_Input for this task_
◇ ◇ ◇ ◇

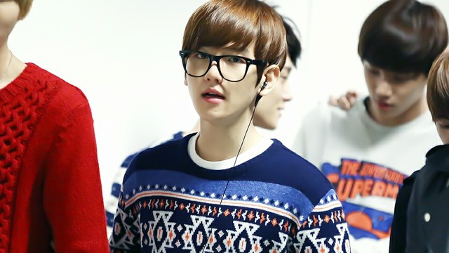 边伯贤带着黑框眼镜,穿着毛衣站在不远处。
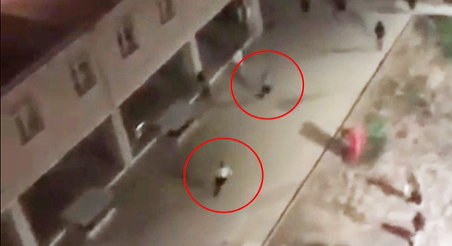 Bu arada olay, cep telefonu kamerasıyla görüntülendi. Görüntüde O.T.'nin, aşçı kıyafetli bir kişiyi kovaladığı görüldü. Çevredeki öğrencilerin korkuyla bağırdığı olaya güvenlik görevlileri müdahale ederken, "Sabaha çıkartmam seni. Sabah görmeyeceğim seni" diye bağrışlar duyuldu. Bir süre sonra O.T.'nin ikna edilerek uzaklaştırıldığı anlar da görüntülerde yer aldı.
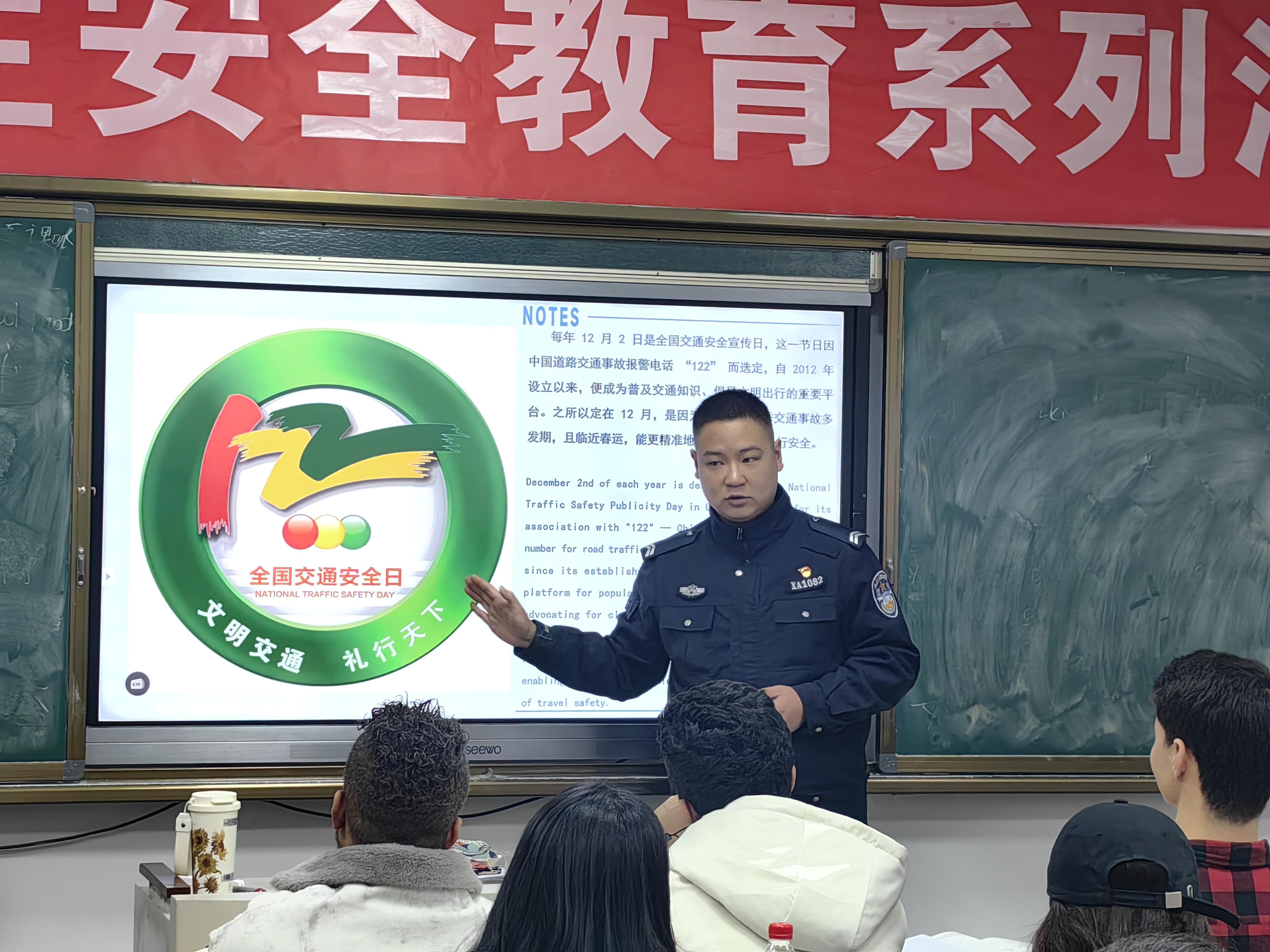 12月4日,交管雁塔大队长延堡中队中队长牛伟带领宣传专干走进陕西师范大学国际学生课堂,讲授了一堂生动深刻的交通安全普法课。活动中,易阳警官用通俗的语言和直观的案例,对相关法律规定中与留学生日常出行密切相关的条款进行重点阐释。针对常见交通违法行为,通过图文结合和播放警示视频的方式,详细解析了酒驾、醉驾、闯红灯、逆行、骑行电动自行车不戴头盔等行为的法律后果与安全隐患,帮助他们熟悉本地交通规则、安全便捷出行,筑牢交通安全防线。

◇ ◇ ◇ ◇

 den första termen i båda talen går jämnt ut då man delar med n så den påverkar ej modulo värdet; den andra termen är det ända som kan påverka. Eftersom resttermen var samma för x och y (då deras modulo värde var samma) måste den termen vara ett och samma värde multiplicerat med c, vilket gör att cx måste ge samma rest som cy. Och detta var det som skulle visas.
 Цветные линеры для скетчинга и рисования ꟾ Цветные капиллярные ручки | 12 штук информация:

◇ ◇ ◇ ◇

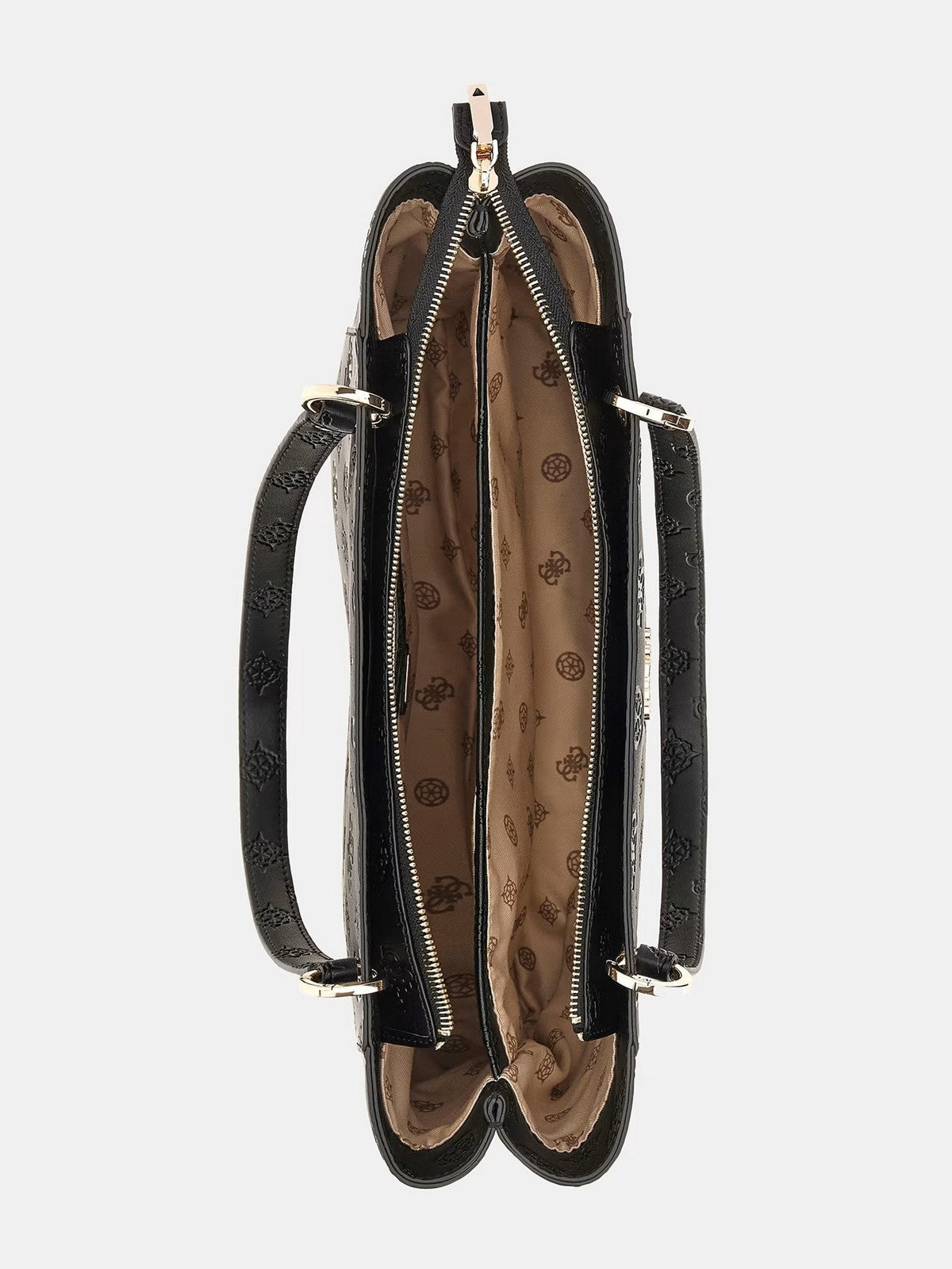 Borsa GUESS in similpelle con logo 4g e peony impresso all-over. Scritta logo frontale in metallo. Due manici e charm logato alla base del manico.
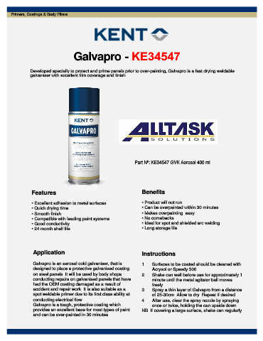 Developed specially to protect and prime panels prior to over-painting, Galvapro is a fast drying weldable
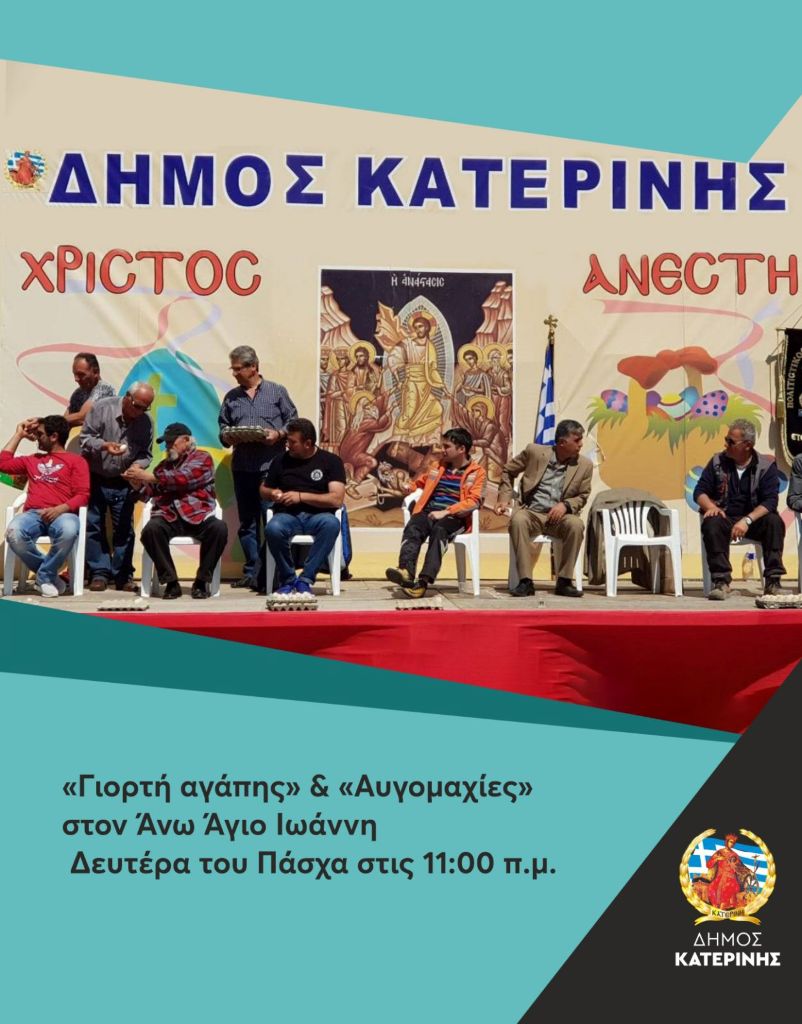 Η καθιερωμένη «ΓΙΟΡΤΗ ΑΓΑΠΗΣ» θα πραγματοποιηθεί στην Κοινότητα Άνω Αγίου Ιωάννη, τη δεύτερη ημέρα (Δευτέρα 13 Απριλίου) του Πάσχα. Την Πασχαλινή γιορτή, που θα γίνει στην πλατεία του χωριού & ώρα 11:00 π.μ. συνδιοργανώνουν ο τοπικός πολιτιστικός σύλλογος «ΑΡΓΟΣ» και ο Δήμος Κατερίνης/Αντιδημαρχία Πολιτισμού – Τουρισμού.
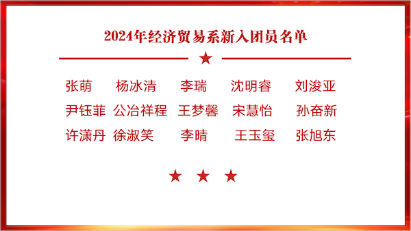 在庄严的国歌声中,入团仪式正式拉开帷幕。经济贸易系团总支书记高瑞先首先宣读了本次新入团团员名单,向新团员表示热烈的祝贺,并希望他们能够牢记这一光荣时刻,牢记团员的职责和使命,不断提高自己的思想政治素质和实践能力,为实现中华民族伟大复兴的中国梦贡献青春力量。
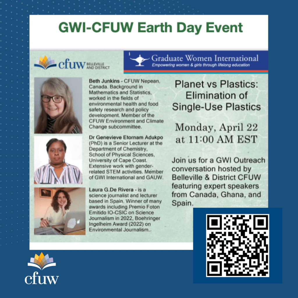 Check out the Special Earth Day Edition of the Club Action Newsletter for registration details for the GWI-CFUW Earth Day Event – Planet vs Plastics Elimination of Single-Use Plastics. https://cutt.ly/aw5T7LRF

◇ ◇ ◇ ◇

_What you are asked to do_
Print nothing but the lines above starting with the line that contains "边伯贤带着黑框眼镜,穿着毛衣站在不远处。" and going on through the line that contains "12月4日,交管雁塔大队长延". Leave out the pictures.

_Answer box_
 边伯贤带着黑框眼镜,穿着毛衣站在不远处。
 Bu arada olay, cep telefonu kamerasıyla görüntülendi. Görüntüde O.T.'nin, aşçı kıyafetli bir kişiyi kovaladığı görüldü. Çevredeki öğrencilerin korkuyla bağırdığı olaya güvenlik görevlileri müdahale ederken, "Sabaha çıkartmam seni. Sabah görmeyeceğim seni" diye bağrışlar duyuldu. Bir süre sonra O.T.'nin ikna edilerek uzaklaştırıldığı anlar da görüntülerde yer aldı.
 12月4日,交管雁塔大队长延堡中队中队长牛伟带领宣传专干走进陕西师范大学国际学生课堂,讲授了一堂生动深刻的交通安全普法课。活动中,易阳警官用通俗的语言和直观的案例,对相关法律规定中与留学生日常出行密切相关的条款进行重点阐释。针对常见交通违法行为,通过图文结合和播放警示视频的方式,详细解析了酒驾、醉驾、闯红灯、逆行、骑行电动自行车不戴头盔等行为的法律后果与安全隐患,帮助他们熟悉本地交通规则、安全便捷出行,筑牢交通安全防线。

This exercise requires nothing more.